En sus escritos póstumos enfocados al lenguaje y el conocimiento, Friedrich Nietzsche dedicaba una sentencia, contra el pensamiento positivista, en torno a la verdad: “No hay hechos, hay interpretaciones”, dice el filósofo alemán, pero no con el propósito de relativizar los juicios en torno a determinada situación, sino para develar lo imposible que resulta constatar un hecho.

Esta corta pero contundente frase, a pesar de lo distante que resulta en términos geográficos y temporales para el contexto político/social de México, nos arroja a un campo en el que los cuestionamientos sobre cómo se construye la verdad no son ni por asomo obsoletos o una tendencia reaccionaria: basta recordar la llamada “verdad histórica” de un lamentable caso ocurrido en el estado de Guerrero. Un relato que, a nivel nacional, fue impulsado como la incuestionable anécdota que se estableció para la posteridad y que no hace falta escudriñar, pues sobre ella, “ya se ha dicho todo”: no importan los hechos que la desmienten y las contradicciones que presenta, no hay posible estado de interpretación para lo que se dijo.

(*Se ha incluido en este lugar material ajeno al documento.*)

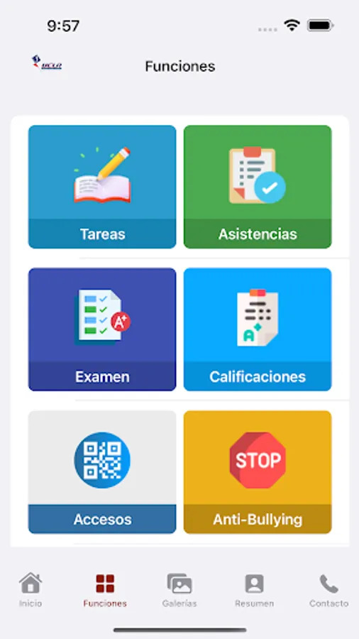 Notices, events, tasks, grades, galleries, contact, notifications and more.

¿Cómo se produce el hecho, o mejor dicho, la verdad? ¿Qué y quién permite que se produzca? Es una pregunta que se puede desplegar del aforismo de Nietzsche y que fue brillantemente estudiado por Michel Foucault en relación al poder, pero remitiendo el sentido de este escrito al panorama de México, la pregunta obtiene su respuesta no sólo en la narrativa que se gesta dentro de oficinas o reuniones a puerta cerrada, sino en la capacidad para suprimir cualquier otra interpretación que atente contra lo que se trata de instaurar como hecho. Es aquí donde el periodismo brilla –lúgubremente– por la constante persecución de la que ha sido objeto. Y no hablo únicamente de los grandes periódicos con presencia en la opinión pública, sino de aquellas plataformas que han buscado hacer de conocimiento público, otra perspectiva, develando la condición interpretativa que se busca establecer como certeza.

Con la popularización de internet y la posibilidad de compartir información –visual o escrita– a una gran velocidad, progresivamente la idea de una verdad o hecho a empezado a desmoronarse: si bien hay protocolos de represión basados en la fuerza que castigan severamente estas actividades, la información a encontrado otros canales de circulación, al grado de que el escrutinio del ‘Gran Hermano’ difícilmente puede ser omnipresente y omnipotente. La participación de cada uno de los individuos de determinado núcleo social y cultural se vuelve importante: se prescinde de una voz particular para construir una voz colectiva que dicta y enuncia su propia interpretación, lejos de la intención de imponerse y presentarse infalible a cualquier otra ‘versión’; en estas condiciones, la suma de otros puntos de vista enriquece su cualidad de interpretación, incluso ‘ficticia’ respecto a la narrativa enunciada por el poder; siempre evasiva a la aprehensión complaciente, como un cuadro cubista.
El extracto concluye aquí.